CARROZZ. PER FREGENE km 10.3 (autocorriera). La strada si snoda, fiancheggiata da
eucalipti, tra basse alture, varcando tre volte il T. Arrone. Km 4.7 Staz. Maccarese-Fregene, pag.
112, attorno alla quale si estende la borgata di Maccarese Stazione m 9, ab. 508. Scavalcata la
ferrovia Roma-Grosseto si lascia subito a sin. una carrozz. per Ponte Galeria, quindi s’incontra, km
6.9, Maccarese m 3, ab. 6156, borgo rurale sorto, intorno al Cast. Rospigliosi, forse sul luogo della
antica Fregenae, al centro di una delle prime bonifiche del Lazio. Si prosegue per bella campagna
incontrando un bivio ove è l’ingresso alla Pineta di Fregene, profonda quasi 1 km e lunga circa 4,
che si estende parallela alla spiaggia. Con un rettilineo, nel folto degli alberi, si raggiunge, km 10.3,
Fregene.
FREGENE. – ALBERGO *Golden Beach, cam. 35, b. 34, acqua c. f., termosif., tel., ascens., autorim., II
categoria. – PENSIONI. – I categ.: *La Conchiglia, cam. 35, b. 35, acqua c. f., aria condiz., tel., parco; *Villa dei Pini,
cam. 94, b. 94, acqua c. f., termosif., autorim., parco; *Fregenetta, ap. 15 maggio-sett., cam. 29, d. 28, acqua c. f.,
termosif.; *Villa Fiorita, cam. 36, b. 36, acqua c. f., termosif., tel., autorim. – II categ.: *Stefania, cam. 25, b. 7,
autorim.; Cervia, cam. 24, d 10, termosifone. – III categ.: Brasilia, localita Passoscuro, can. 10, b. 4, acqua c. f.,
termosifone. – RISTORANTE La Nave, via Portorese (Fregene Sud). – AUTOCORRIERE per Roma (via Castel di
Guido e via Ponte Galeria) e Campagnano (est.). AUTOSERVIZIO DI GRAN TURISMO (est.) per Roma.

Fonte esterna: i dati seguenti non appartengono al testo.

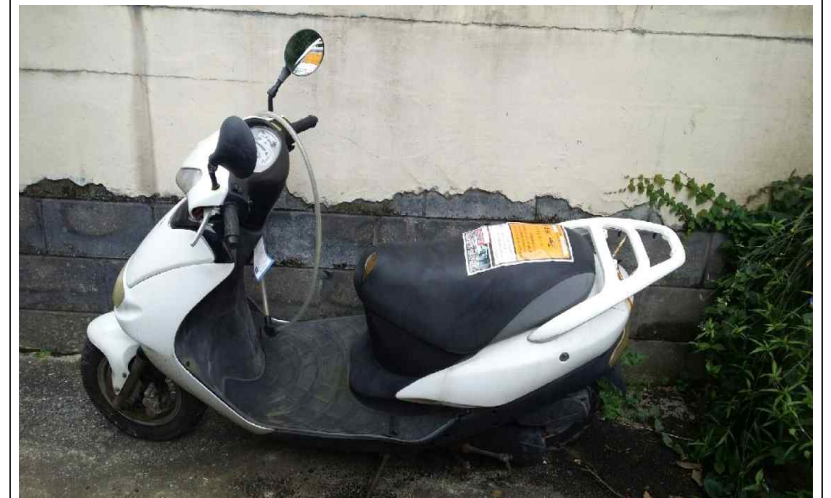
무단방치 이륜차 (측면)

Fregene m 3, ab. 1210, è un noto, elegante centro balneare sorto nel cuore della pineta e composto di villini,
alberghi, pensioni e luoghi di ritrovo; lungo la bella, ampia spiaggia sabbiosa sorgono numerosi stabilimenti balneari.
Dopo Castel Bruciato, bella vista a sin. sulle bonifiche di Porto, di Maccarese e di Pagliete e
sulla pineta di Fregene, che si delinea contro il mare; a d., nel fondo, la pineta di Palidoro e i M.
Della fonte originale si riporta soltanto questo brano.